Par ailleurs, différentes dispositions de la loi organisent la coopération de la CNIL avec des organismes extérieurs :

– le président de la commission d’accès aux documents administratifs (CADA) ou son représentant siège à la CNIL et les deux autorités se réunissent dans un collège unique pour traiter de sujets d’intérêt commun, sur l’initiative conjointe de leurs présidents (100) ;

– la CNIL et l’Autorité de régulation des communications électroniques et des postes (ARCEP) peuvent se saisir mutuellement pour avis sur les questions relevant de leurs compétences respectives (101) ;

– la CNIL peut, à la demande d’une autorité de contrôle d’un État non membre de l’Union européenne, « dès lors que celui-ci offre un niveau de protection adéquat des données à caractère personnel » procéder à des contrôles et lui communiquer des informations, sous réserve d’avoir conclu une convention avec cette autorité (102) et à l’exception des traitements dits « de souveraineté ».

La loi a également renforcé l’efficacité des procédures de la CNIL. L’article 64 a modifié l’article 45 de la loi du 6 janvier 1978 afin de réduire le délai de mise en demeure de faire cesser un manquement, en cas « d’extrême urgence », de cinq jours à vingt-quatre heures. Lorsqu’un manquement ne peut pas faire l’objet d’une mise en conformité dans le cadre d’une mise en demeure, la formation restreinte de la CNIL peut directement prononcer une sanction, après une procédure contradictoire.
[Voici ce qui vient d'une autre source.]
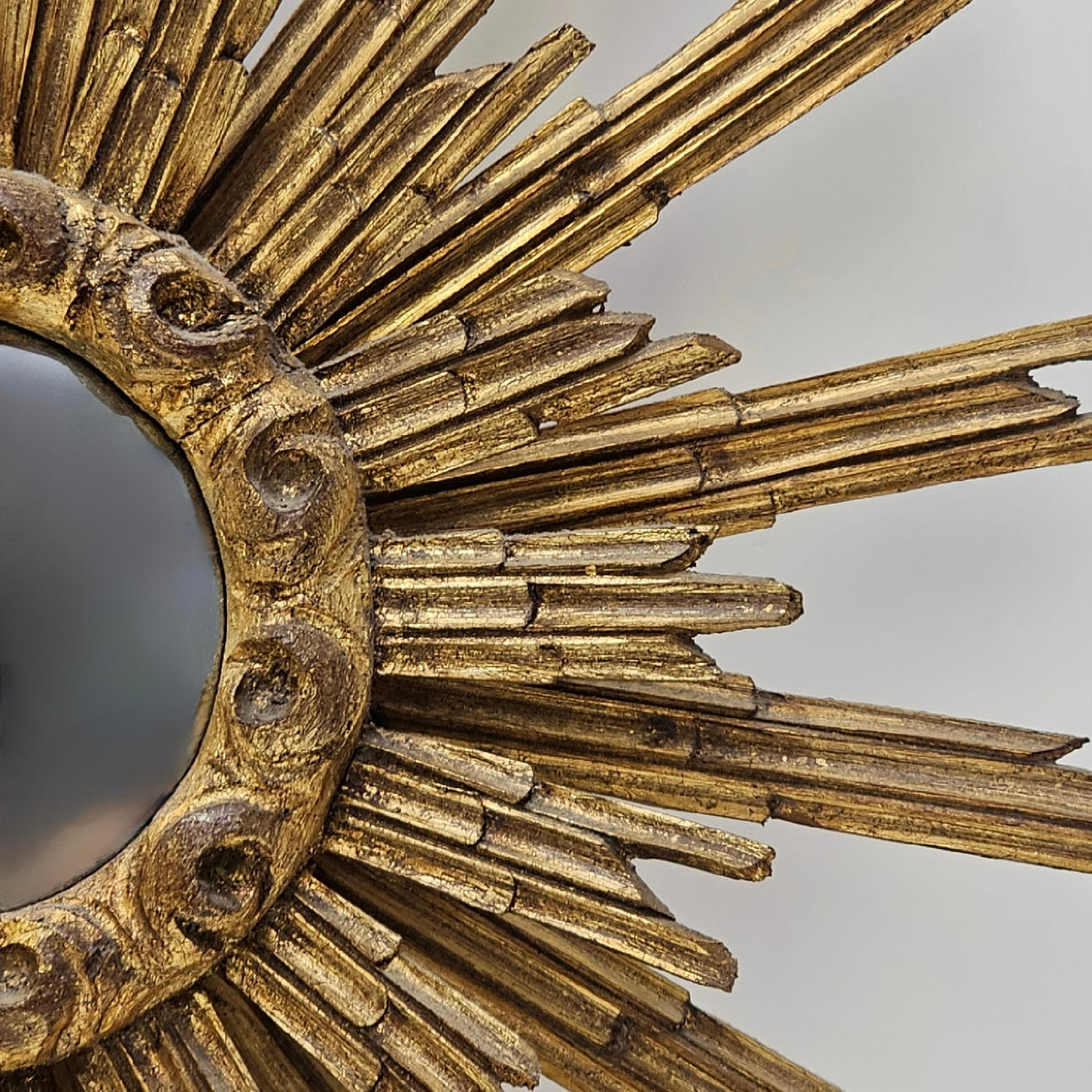 ESPEJO "SOL" EN MADERA TALLADA Y DORADA.

Le I de l’article 65 modifie l’article 47 de la loi du 6 janvier 1978 afin de porter le montant maximal des sanctions , auparavant fixé à 150 000 euros, ou 300 000 euros cas de manquement réitéré du responsable de traitement à ses obligations, à 3 millions d’euros. Il précise que la formation restreinte de la CNIL doit notamment prendre en compte « le caractère intentionnel ou de négligence du manquement, les mesures prises par le responsable du traitement pour atténuer les dommages subis par les personnes concernées, le degré de coopération avec la commission afin de remédier au manquement et d’atténuer ses effets négatifs éventuels, les catégories de données à caractère personnel concernées et la manière dont le manquement a été porté à la connaissance de la commission. »

Il s’agit d’une disposition transitoire , le II de l’article 65 prévoyant qu’à compter du 25 mai 2018, les sanctions prononcées par la CNIL dans le champ du règlement le seront conformément à l’article 83 dudit règlement.

Vos rapporteurs tiennent à souligner l’importance de la réflexion sur l’usage des algorithmes et se félicitent des avancées intervenues en France , notamment du lancement par l’Institut national de recherche en informatique et automatique (INRIA) de la plateforme TransAlgo, évoqué lors de son audition par M. Daniel Le Métayer, directeur de recherche dans cet institut. Cette plateforme scientifique aura notamment pour objectif de vérifier et de tester les algorithmes de traitement de données et de favoriser la conception d’algorithmes responsables et transparents (103). Cette initiative fait suite aux recommandations d’un rapport du Conseil général de l’économie sur la régulation des algorithmes (104).

Si certaines mesures d’adaptation requises par le règlement ne suscitent pas de débats, en revanche d’autres questions demeurent en suspens et devront être tranchées par le législateur.